[Extracted records]
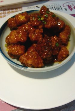 蓝港是个很适合春夏秋来的地方,因为除了吃饭外,在这里逛逛也很舒服,应同事推荐,一次和朋友的见面就约在了这里。蓝港里的餐厅都比较精致,干干净净的,很多餐厅都有户外座位,这家也一样。他家是台式风味的餐厅,店面不小,我们当时选在了玻璃屋里吃饭,用餐时能看到外面华灯初上的景象,很美。他家的大拌菜很不错,一大盆,蔬菜的品种很多,青叶菜、紫甘蓝、黄彩椒、红番茄、还有烤得焦黄的面包干,上面淋了一些特制的酱汁,色彩、种类、味道都是相当丰富。蔬菜很新鲜,吃起来非常爽口,而面包干焦脆的口感更是提升了菜品的丰富性。他家很多菜品是以台湾明星命名的,我们就点了一道奇隆醋鱼,不过这道以四爷命名的菜品却没让我们有惊艳感。上菜时我们被他的量惊到了,小小的比蘸料碗大不了多少的碟子装着,不知道还以为是桌子不够摆特意让倒到小盘里的菜品呢。鱼肉是先炸制然后烹制的,糖醋口,微微一点辣椒酱体味,但对我来说,这道菜有些欠缺,炸制的痕迹太重,虽然酥,却像有层硬壳,让鱼肉和鱼皮部分的味道和口感分离了,而且酱汁的味道略有些复杂,主味不突出,下饭倒是可以,但不是太喜欢。三杯鸡,台湾的特色菜,他家菜量小再一次体现出来,刚上桌的三杯鸡勉勉强强盖住了石锅底部。鸡肉的颜色和味道都略微偏重了一些,不过总体味道还是很好的,鸡肉不够嫩,但很入味,也是个下饭菜。朋友带了宝宝,多盐的食物显然不是太适合宝宝,给她点了一粉凤梨酥,甜甜糯糯的她很喜欢,吃得很开心。查看更多
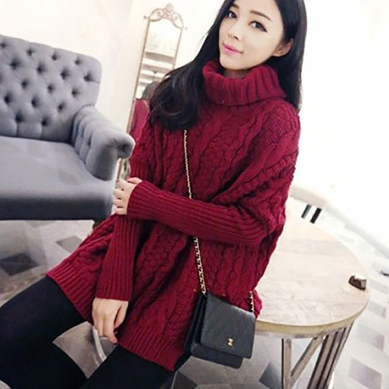 毛衣女2015冬季新款韓國冬裝毛衣加厚麻花高領套頭外套蝙蝠袖寬松 /
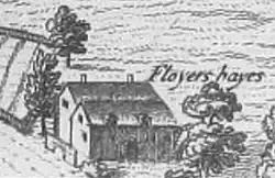 No remains of the manor house survived beyond about 1830 or 1840. It stood set back a little way on the east side of the road from Exeter to Alphington, between the Haven Road and the railway viaduct, rather beyond what was known in 1898 as Sydney Place.[4] The name "Flower Pot Buildings" may have been originally "Floyer's Plot." The land lies very low, and was intersected by streams by which mills are worked. A mill is mentioned as being on the manor of Floyer's Hayes in the time of Henry III (1216–1272). Many open spaces around the outside of the City walls are shown on the 1765 map of Exeter by Benjamin Donnas as suffixed "Hay", such as Shill Hay, Southern Hay, Northern Hay, Fryers Hay and Bon Hay. The manor house is shown on a 1573 map of Exeter[5] as a building of large size, surrounded by a stone wall and entered beneath a large arched gateway.[4] According to Worthy (1892), though mistaken: "It stood nearly in a line with "Snayle Tower", and on the west side of the river, and must have been very near the ancient priory of Cowick, but a little to the south-west of it". However, this was another large house, 'Hays Barton'. Worthy's assumption that near to that had stood the ancient priory, was also in error, since that had stood above the 50-foot contour beyond what is today 'Cowick Playing Fields' at Cowick Barton.
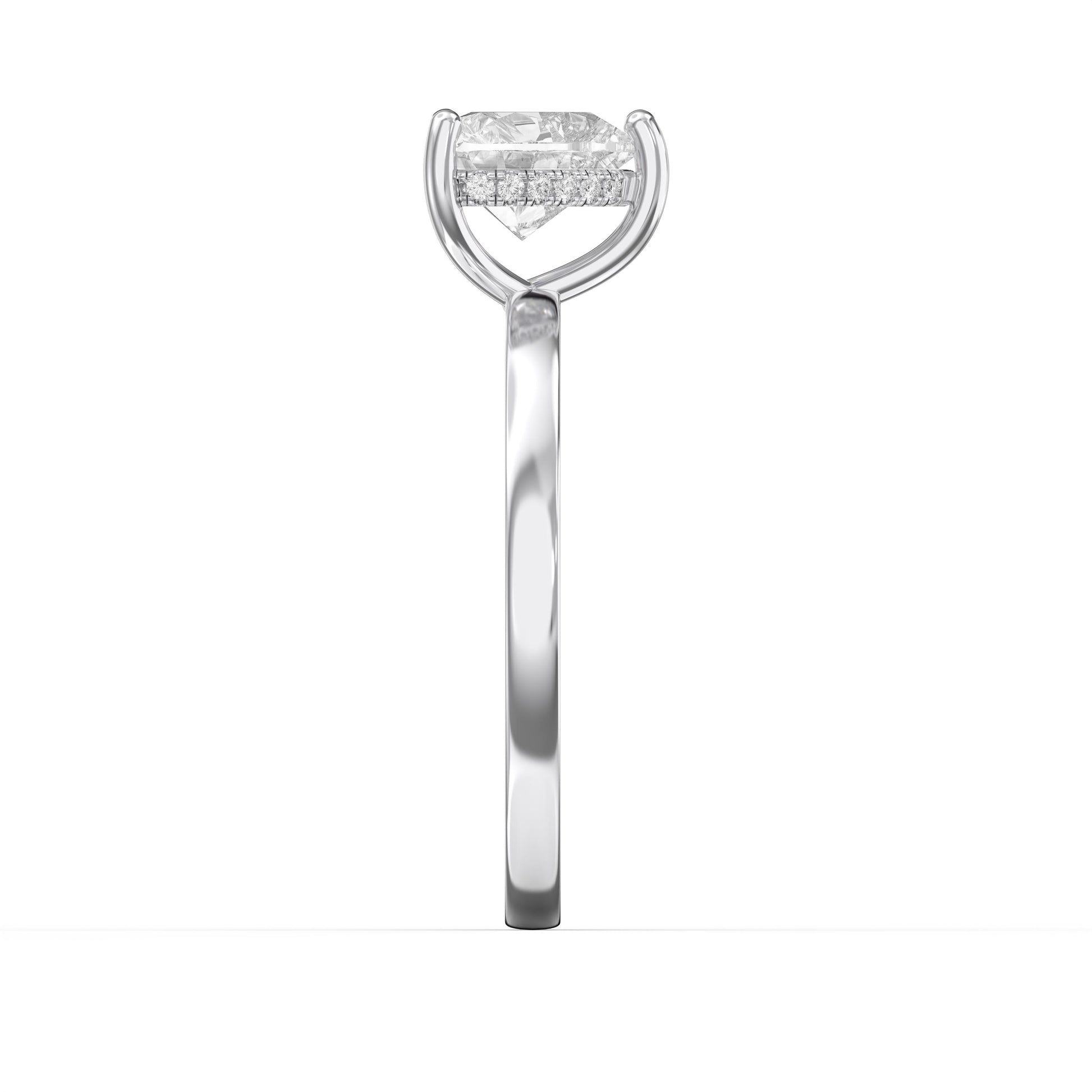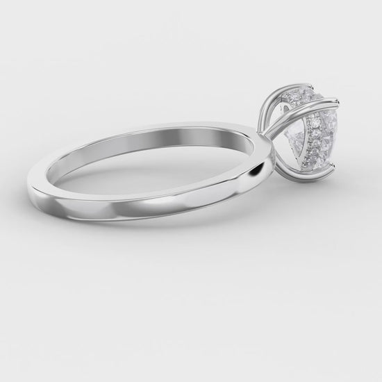 The Amour Whisper Heart Hidden Halo Ring showcases refined elegance through its distinctive design, featuring a concealed halo that frames the center stone with subtle sophistication.
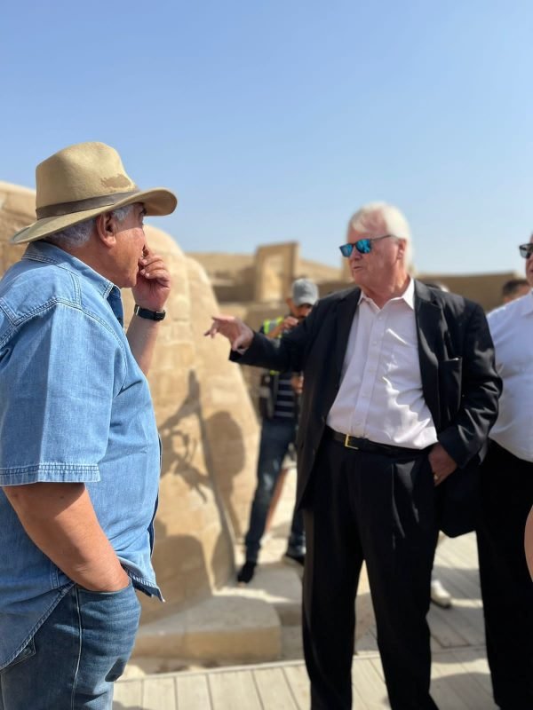 ألتقي اليوم عالم الآثار المصرية الدكتور “زاهي حواس” المهندس المعماري الشهير “أدريان سميث”، وشريكه المهندس”جولدن هيل”، الذين قاموا بتصميم برج خليفة أطول برج في العالم، وذلك أثناء زيارتهم لمصر لتنفيذ مشاريع كبري في العاصمة الإدارية الجديدة.
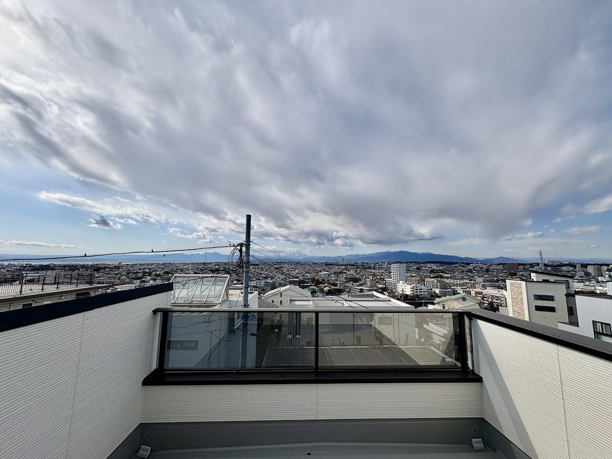 ゆとり室内からさらにルーフバルコニーへ上がると、空・天気が良いと富士が目の前に移ります。
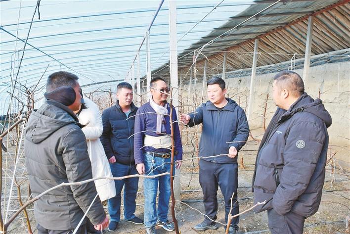 12月2日,在二师二十二团三连冬枣大棚内,胡世佳(右二)为职工讲解冬枣修剪技术。王紫嫣 摄

Task objective:
Return each line above word for word. Skip the pictures.

Task solution:
 蓝港是个很适合春夏秋来的地方,因为除了吃饭外,在这里逛逛也很舒服,应同事推荐,一次和朋友的见面就约在了这里。蓝港里的餐厅都比较精致,干干净净的,很多餐厅都有户外座位,这家也一样。他家是台式风味的餐厅,店面不小,我们当时选在了玻璃屋里吃饭,用餐时能看到外面华灯初上的景象,很美。他家的大拌菜很不错,一大盆,蔬菜的品种很多,青叶菜、紫甘蓝、黄彩椒、红番茄、还有烤得焦黄的面包干,上面淋了一些特制的酱汁,色彩、种类、味道都是相当丰富。蔬菜很新鲜,吃起来非常爽口,而面包干焦脆的口感更是提升了菜品的丰富性。他家很多菜品是以台湾明星命名的,我们就点了一道奇隆醋鱼,不过这道以四爷命名的菜品却没让我们有惊艳感。上菜时我们被他的量惊到了,小小的比蘸料碗大不了多少的碟子装着,不知道还以为是桌子不够摆特意让倒到小盘里的菜品呢。鱼肉是先炸制然后烹制的,糖醋口,微微一点辣椒酱体味,但对我来说,这道菜有些欠缺,炸制的痕迹太重,虽然酥,却像有层硬壳,让鱼肉和鱼皮部分的味道和口感分离了,而且酱汁的味道略有些复杂,主味不突出,下饭倒是可以,但不是太喜欢。三杯鸡,台湾的特色菜,他家菜量小再一次体现出来,刚上桌的三杯鸡勉勉强强盖住了石锅底部。鸡肉的颜色和味道都略微偏重了一些,不过总体味道还是很好的,鸡肉不够嫩,但很入味,也是个下饭菜。朋友带了宝宝,多盐的食物显然不是太适合宝宝,给她点了一粉凤梨酥,甜甜糯糯的她很喜欢,吃得很开心。查看更多
 毛衣女2015冬季新款韓國冬裝毛衣加厚麻花高領套頭外套蝙蝠袖寬松 /
 No remains of the manor house survived beyond about 1830 or 1840. It stood set back a little way on the east side of the road from Exeter to Alphington, between the Haven Road and the railway viaduct, rather beyond what was known in 1898 as Sydney Place.[4] The name "Flower Pot Buildings" may have been originally "Floyer's Plot." The land lies very low, and was intersected by streams by which mills are worked. A mill is mentioned as being on the manor of Floyer's Hayes in the time of Henry III (1216–1272). Many open spaces around the outside of the City walls are shown on the 1765 map of Exeter by Benjamin Donnas as suffixed "Hay", such as Shill Hay, Southern Hay, Northern Hay, Fryers Hay and Bon Hay. The manor house is shown on a 1573 map of Exeter[5] as a building of large size, surrounded by a stone wall and entered beneath a large arched gateway.[4] According to Worthy (1892), though mistaken: "It stood nearly in a line with "Snayle Tower", and on the west side of the river, and must have been very near the ancient priory of Cowick, but a little to the south-west of it". However, this was another large house, 'Hays Barton'. Worthy's assumption that near to that had stood the ancient priory, was also in error, since that had stood above the 50-foot contour beyond what is today 'Cowick Playing Fields' at Cowick Barton.
 The Amour Whisper Heart Hidden Halo Ring showcases refined elegance through its distinctive design, featuring a concealed halo that frames the center stone with subtle sophistication.
 ألتقي اليوم عالم الآثار المصرية الدكتور “زاهي حواس” المهندس المعماري الشهير “أدريان سميث”، وشريكه المهندس”جولدن هيل”، الذين قاموا بتصميم برج خليفة أطول برج في العالم، وذلك أثناء زيارتهم لمصر لتنفيذ مشاريع كبري في العاصمة الإدارية الجديدة.
 ゆとり室内からさらにルーフバルコニーへ上がると、空・天気が良いと富士が目の前に移ります。
 12月2日,在二师二十二团三连冬枣大棚内,胡世佳(右二)为职工讲解冬枣修剪技术。王紫嫣 摄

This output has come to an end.